As shown by Burgess et al.31, such partial overlap might cause a limited amount of bias in weak instrument settings (Supplementary Data 13), often defined as an F-statistic below 10. It is therefore important to emphasise the instruments were sourced from a large number of subjects, based on a minimal F-statistic of 15. The comparability between MR effects in European ancestries and CETP inhibitor trials suggests that the impact of any potential weak-instrument bias was minimal. Furthermore, we have replicated the majority of our results using an European centric GWAS on plasma CETP concentration, which did not overlap with the outcome GWAS. The very limited difference in magnitude between MR estimates for East Asian and European participants also provides indirect validation of the East Asian results, confirming that these results are unlikely to be biased away from a null-effect due to weak-instrument related bias or the partial sample overlap.

In conclusion, lower CETP levels had a consistent protective effect against coronary heart disease, angina, heart failure and intracerebral haemorrhage across both European and East Asian populations. Therefore, sufficiently potent on-target inhibition of CETP is anticipated to prevent cardiovascular disease in both populations.

Methods

Data sources

Genetic association data on plasma LDL-C, HDL-C and TG concentrations were extracted from GLGC, which released aggregated data (i.e. point estimates and standard errors) for 146,492 East Asian participants and 1,320,016 European participants. Here we used the aggregate results excluding UKB participants. We wish to confirm that participant data have been obtained according to the terms and conditions of the databases where these data have been sourced.

The current study considered cardiometabolic traits with sufficiently large sample-sized GWAS in both ancestries (at least 2000 participants for quantitative traits, and at least 1000 cases for binary traits, Supplementary Data 67). When there were multiple eligible GWAS conducted on the same trait and ancestry group, the study with the largest sample size was included.

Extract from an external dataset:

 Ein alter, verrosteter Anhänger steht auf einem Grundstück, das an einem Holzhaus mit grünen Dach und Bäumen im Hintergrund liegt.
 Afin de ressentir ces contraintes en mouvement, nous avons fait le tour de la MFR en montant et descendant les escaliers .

For individuals of European ancestry, we leveraged data on ALT (n = 474,736) and AST (n = 474,755) and Apo-A1, Apo-B, and Lp[a] from 361,194 UKB participants, SBP, DBP, PP on 757,601 participants32, glucose and HbA1c on 196,991 participants33, CRP (n = 204,402)34, body mass index (BMI, n = 694,649)35, CHD (60,801 case)36, any stroke (110,182 cases) and ischaemic stroke (86,668 cases)37, HF (47,309 cases)38, T2D (80,154 cases)39, CKD (64,164 cases)40, glaucoma (15,655 cases)41 and subarachnoid haemorrhage (5140 cases)42, breast cancer (133,384 cases)43, lung cancer (292,66 cases)44, prostate cancer (46,939 cases)45. Additional outcome data were sourced from a FinnGen and UKB meta-analyses by Sakaue et al.12 on angina (30,025 cases), ventricular arrhythmia (1018 cases), PAD (7114 cases), asthma (38,369 cases), intracerebral haemorrhage (1935 cases), pneumonia (16,887 cases), with COPD (58,559 cases) included from the Global Biobank Meta-analysis Initiative (GBMI)29.

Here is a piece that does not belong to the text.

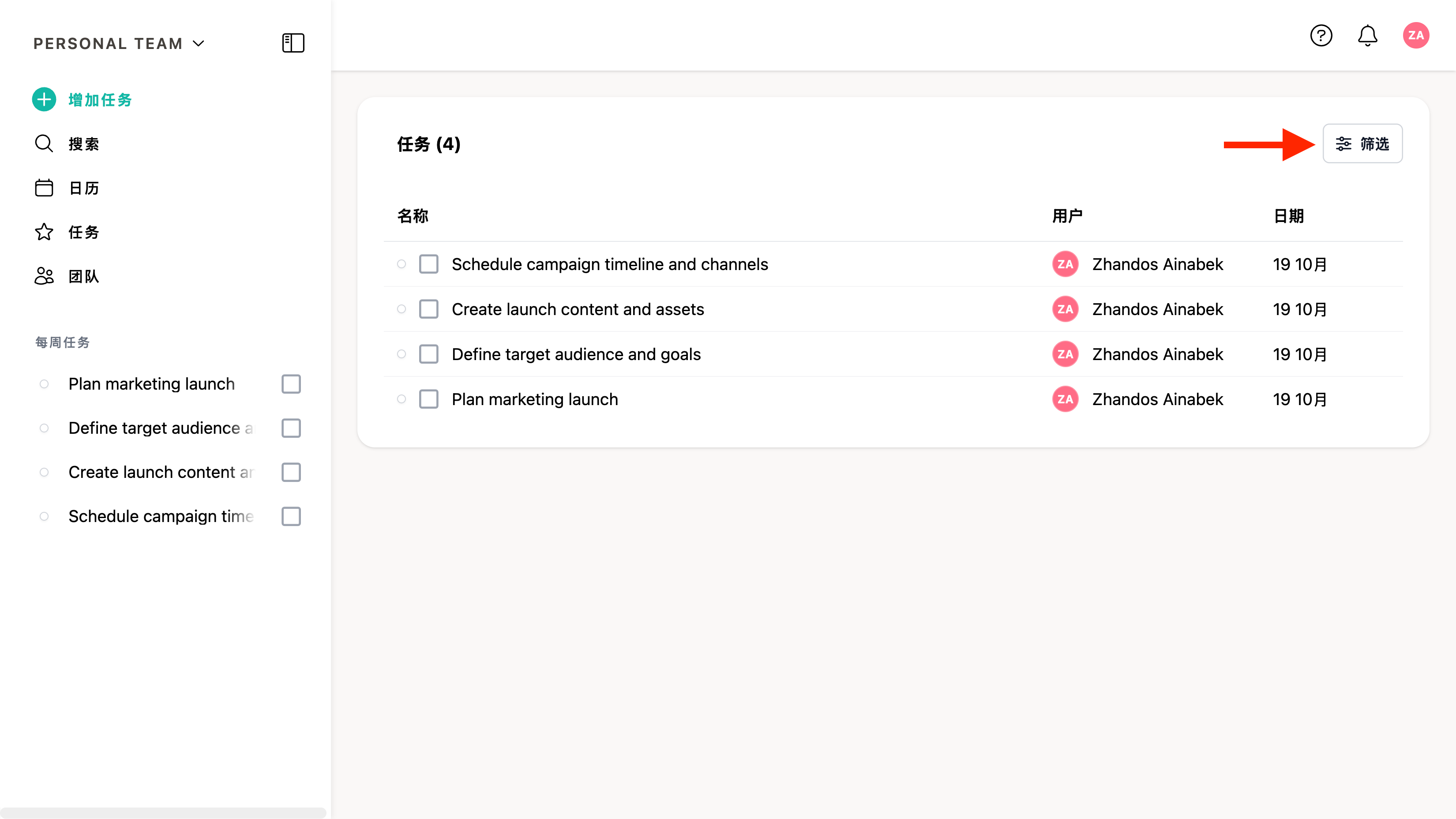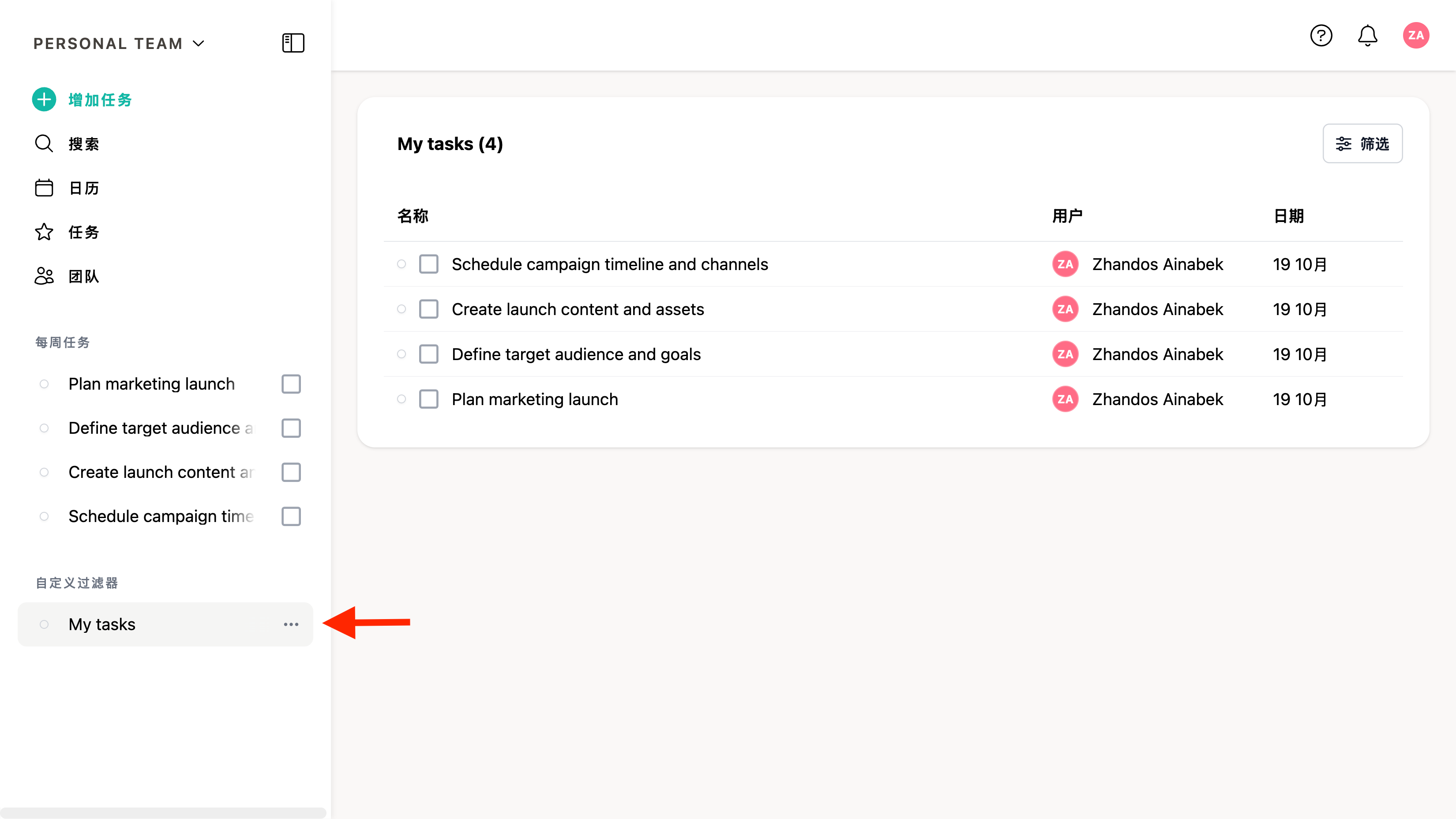 所有已保存的筛选器都会显示在侧边栏中,方便快速访问。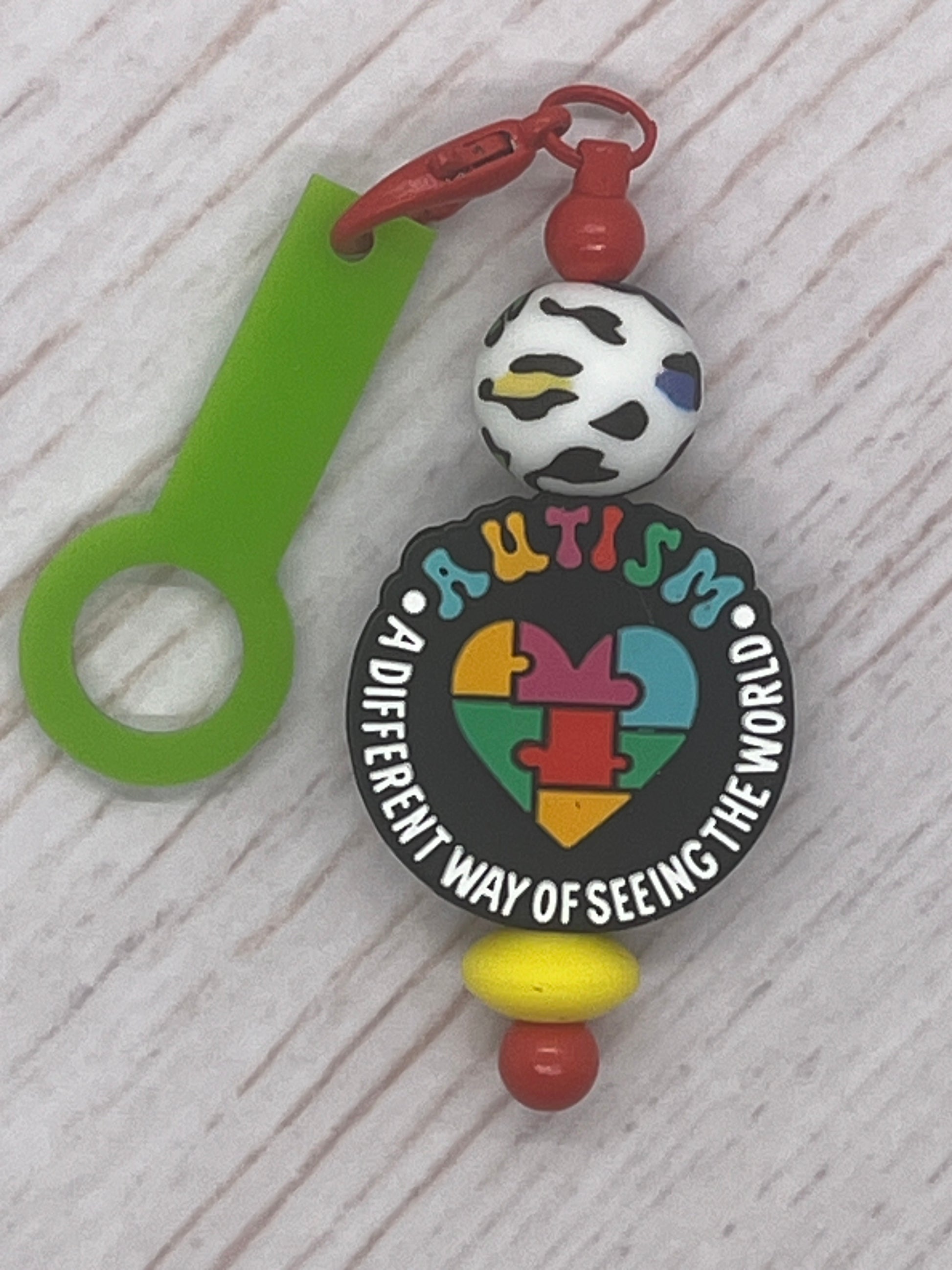 Charms can contain silicone beads, acrylic beads, or wooden beads.

The corresponding outcomes in the East Asian participants were accessed from the Pan-ancestry GWAS of the UK Biobank (Pan-UKB)46 on Apo-A1 (n = 2325), Apo-B (n = 2553) and Lp[a] (n = 2275). Additional cardiometabolic biomarker data were sourced from Biobank Japan (BBJ)12 on SBP, DBP, PP, glucose, HbA1c, CRP, BMI, ALT and AST, for between 71,221 and 150,545 participants (Supplementary Data 67). BBJ provided data on CHD (32,512 cases), angina (14,007 cases), PAD (4112 cases), ischaemic stroke (22,664 cases), subarachnoid (1203 cases) and intracerebral (1456 cases) haemorrhage, ventricular arrhythmia (1673 cases), T2D (45,383 cases), CKD (2117 cases), glaucoma (8448 cases), pneumonia (7423 cases), breast cancer (6325 cases), lung cancer (4444 cases), prostate cancer (5672 cases). Finally, the following outcomes were sourced from the East Asian GBMI release: HF (12,665 cases), COPD (19,044 cases), and any stroke (23,345 cases).

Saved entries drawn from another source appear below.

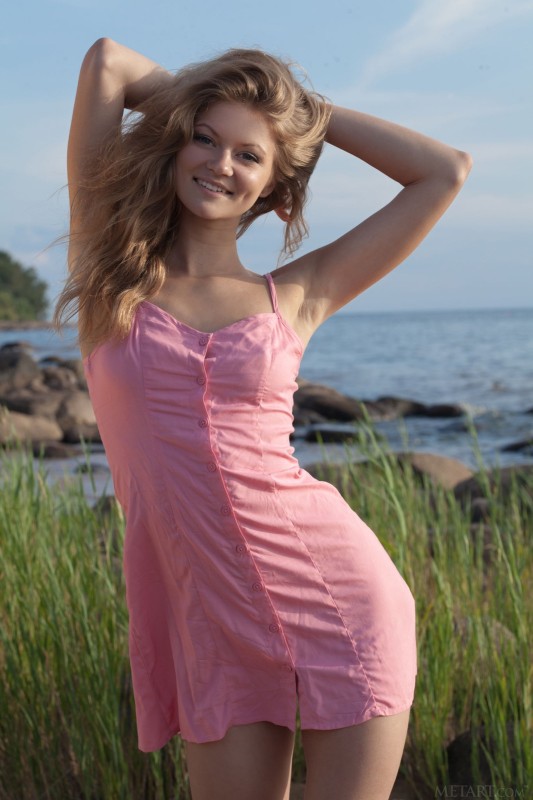 Очаровательная молодая детка в коротком розовом платье медленно и игриво разделась до гола на природе, наслаждаясь свежим ветерком, ласкающим ее стройное обнаженное тело. Голая красавица с маленькими сиськами не стесняется камеру и откровенно показывает нам свою бритую аккуратную киску.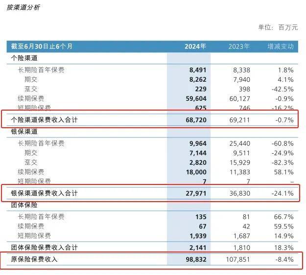 今年上半年,該渠道保費收入合計為279.71億元,同比下降24.1%,主要是長期險首年保費同比降幅較大,降幅為60.8%;銀保渠道躉交保費的下降82.3%。銀保渠道續期保費同比增長58.1%至180億元。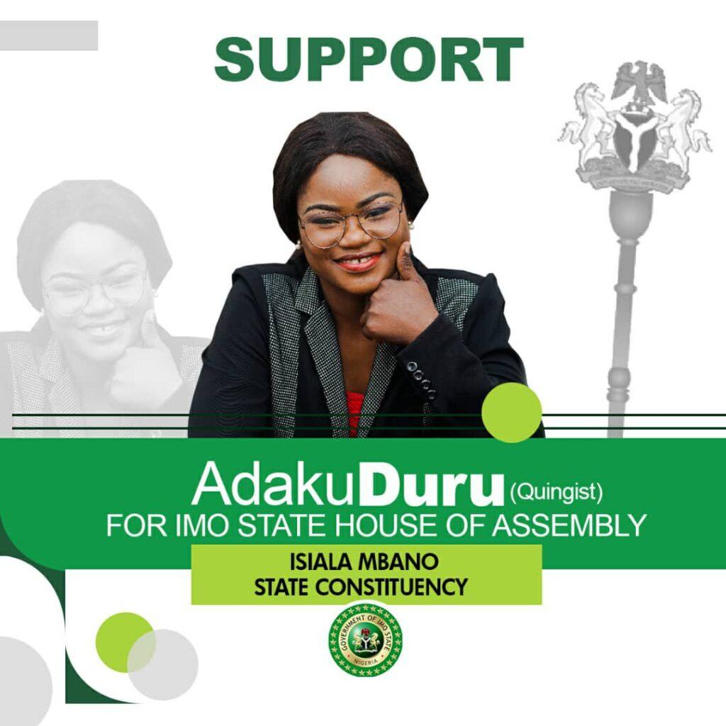 Adaku Duru Eunice aka Quingist is contesting for Imo House of Assembly, Isiala Mbano Constituency come 2023.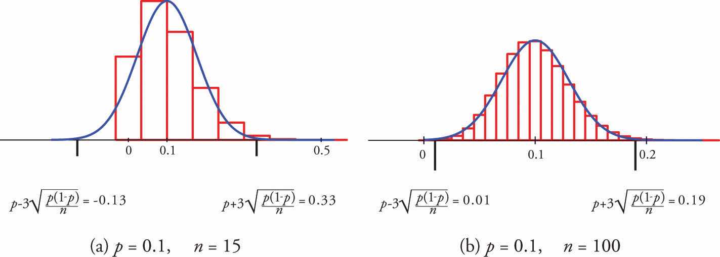 Figure 6.5 "Distribution of Sample Proportions" shows that when p = 0.1 a sample of size 15 is too small but a sample of size 100 is acceptable. Figure 6.6 "Distribution of Sample Proportions for " shows that when p = 0.5 a sample of size 15 is acceptable.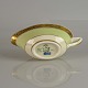 Smørkande i lys grøn og hvid porcelæn med gylden bort med motiv af krone og plantemotiver.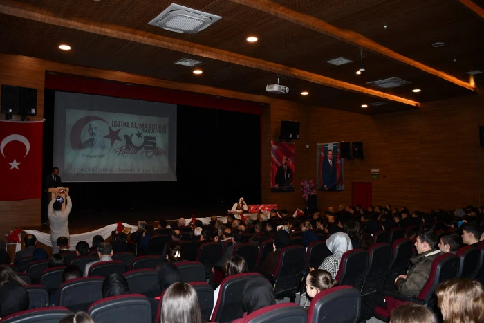 Etkinlik kapsamında İstiklal Marşı’nın kabulü konulu sinevizyon gösterisi sunuldu, öğrenciler tarafından şiir dinletileri, tiyatro gösterileri ve İstiklal Marşı oratoryosu sahnelendi.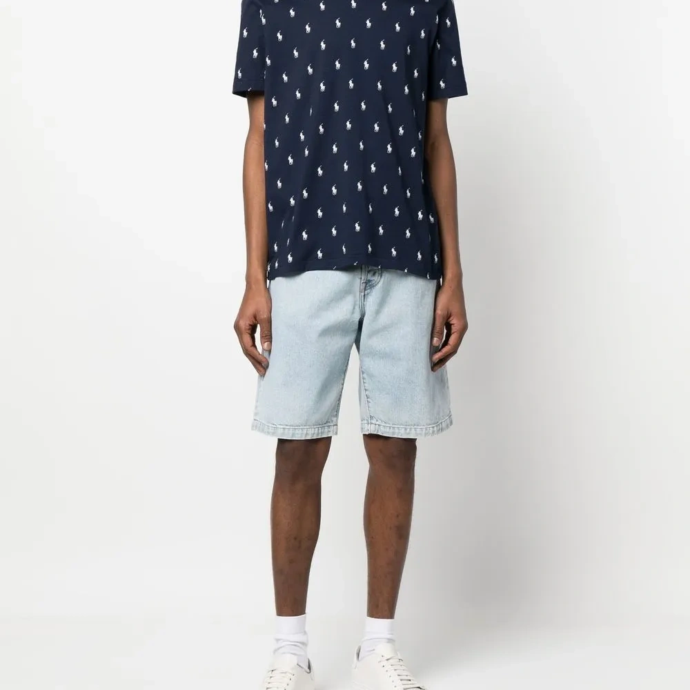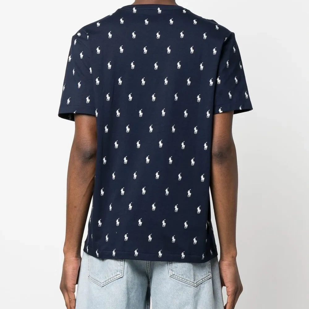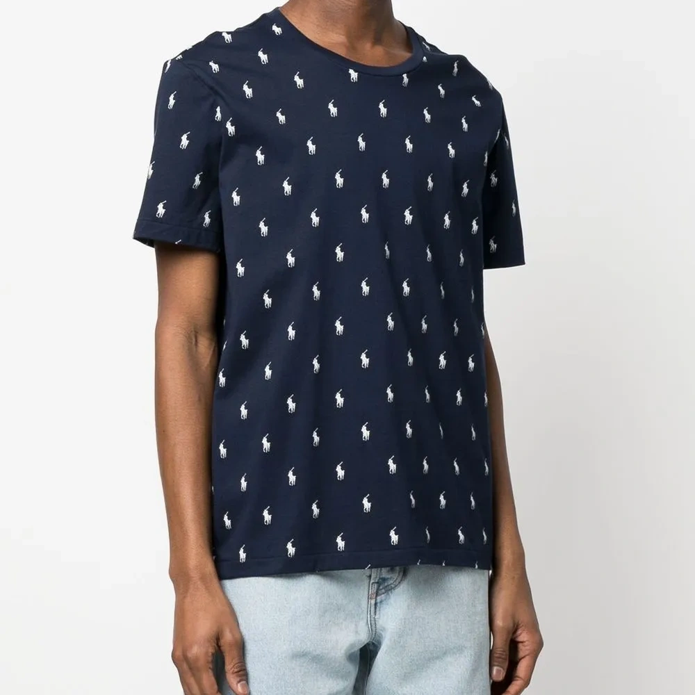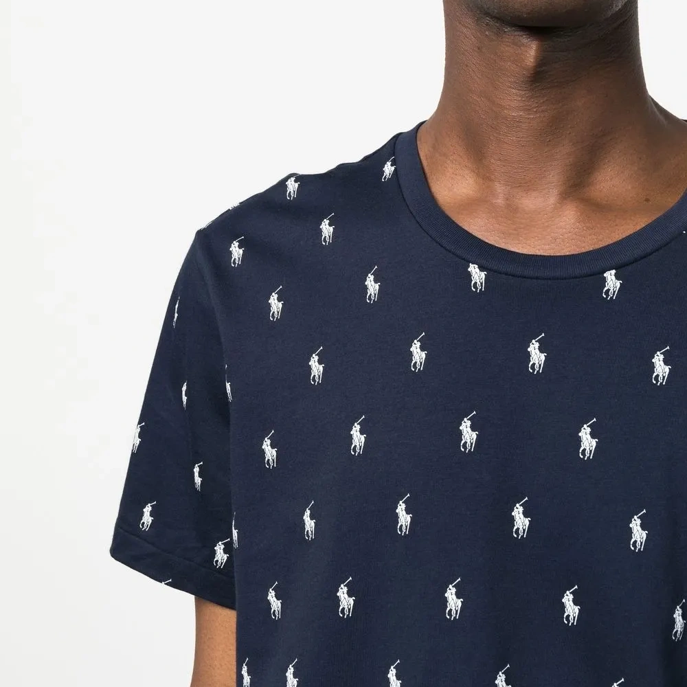 Темно-синий, сплошной принт с логотипом, прямой подол, круглый вырез и короткие рукава.

Additional outcomes were sourced for the protein quantitative trait loci (pQTL) drug target MR, considering outcomes available only for European populations, this included: non-alcoholic fatty liver disease (NAFLD, 1483 cases)47, small vessel stroke (13,620 cases), large artery stroke (9219 cases), cardioembolic stroke (12,790 cases)37, atrial fibrillation (AF, 60,620 cases)48, and eGFR (n = 1,508,659)49.

Cross-ancestry colocalization of the LDL-C and HDL-C CETP signals

Due to sampling variability as well as linkage disequilibrium (LD), the most significant variant at a given locus may not reflect the causal variant. Colocalization identifies potential shared causal variants between two traits, while accounting for sampling variability and LD50. Due to the larger sample size available in the European GLGC GWAS, rs183130 (16:g.56991363C>T, GRCh37) has been robustly identified as a causal CETP variant for both LDL-C and HDL-C. We leveraged coloc51 to determine whether this European fine-mapped variant was also causal for LDL-C and HDL-C in East Asian participants. We considered genetic variants within a ±50 kb flank of the CETP genomic region and a minor allele frequency (MAF) ≥ 0.01, applying the following posterior probabilities: PP.H1, PP.H2 = 10−4 to detect if at least a single genetic variant was associated with the plasma lipids in Europeans (PP.H1), in East Asians (PP.H2), or with plasma lipids in both populations (PP.H4 = 10−6) at the CETP locus. A posterior probability for a shared genetic signal larger than 0.80 was considered as evidence of colocalization50.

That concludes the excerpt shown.